Эксперты «Лаборатории Касперского» обнаружили, что с середины 2024 года и по сей день российские организации атакует группа хактивистов BO Team. С атаками BO Team столкнулись десятки российских организаций из госсектора, а также из сфер ИТ, телекоммуникаций, производства.
Для получения первоначального доступа к системам потенциальных жертв злоумышленники используют целевой фишинг и тщательно продуманные схемы социальной инженерии, рассказывают исследователи.
BO Team также известна под названиями Black Owl, Lifting Zmiy и Hoody Hyena.
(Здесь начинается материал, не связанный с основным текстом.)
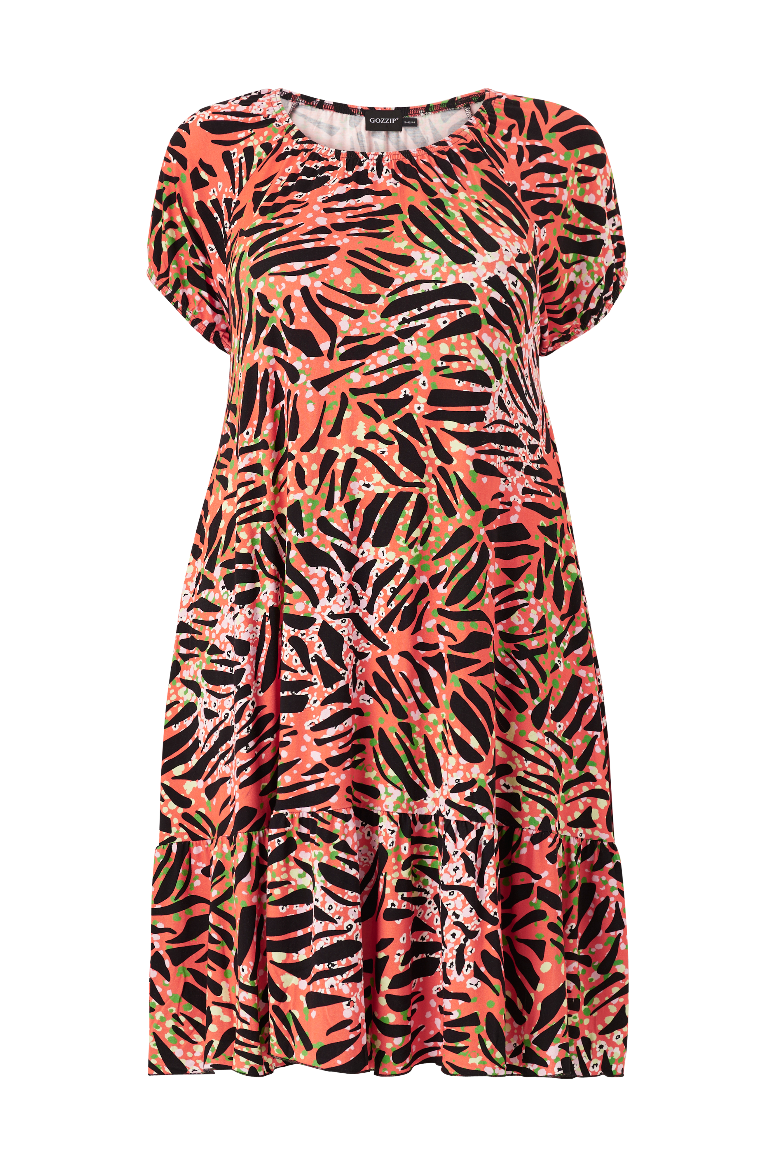 • Klänning i viskostrikå• A-linjeform• Elastisk halsringning• Korta ärmar• Volang nedtill• Plusstorlekar• Längd: 104 cm i storlek S

Впервые группа заявила о себе в начале 2024 года через свой Telegram-канал.
В основном она занимается уничтожением ИТ-инфраструктуры жертвы, а в некоторых случаях шифрованием данных и вымогательством. То есть злоумышленники ориентированы как на максимальное нанесение ущерба атакованной организации, так и на извлечение финансовой выгоды. Среди основных мишеней злоумышленников — госсектор и крупные предприятия.
Для получения первоначального доступа хакеры используют фишинговые рассылки с вредоносными вложениями. Если открыть прикрепленный к письму файл, запускается цепочка компрометации. В результате в системе жертвы выполняется один из распространенных бэкдоров: DarkGate, BrockenDoor или Remcos.
При этом фишинг сопровождается тщательно спланированной кампанией социальной инженерии. Так, в некоторых случаях группировка маскируется под неназванную реальную организацию, которая специализируется на автоматизации технологических процессов. Эта компания выбрана не случайно: ее род деятельности создает правдоподобный контекст для обращения к потенциальным жертвам в государственном, технологическом и энергетическом секторах.
Для отвлечения внимания жертв некоторые вредоносные вложения, приводящие к запуску бэкдора, не только инициируют загрузку малвари, но и открывают документ-приманку. Так, в одном из случаев использовался PDF-файл, имитирующий сопроводительное письмо от поддельной организации. Документ якобы содержал детали коммерческого предложения, что создавало иллюзию легитимности происходящего.
Параллельно образец из вложения открывал в браузере страницу одного из популярных онлайн-сервисов по проверке контрагентов. Сайт содержал информацию о реально существующей компании, под которую маскировались злоумышленники. Таким образом хакеры усиливали доверие к своей рассылке: это могло снизить уровень настороженности у жертвы и помогало успешно завершить начальный этап атаки.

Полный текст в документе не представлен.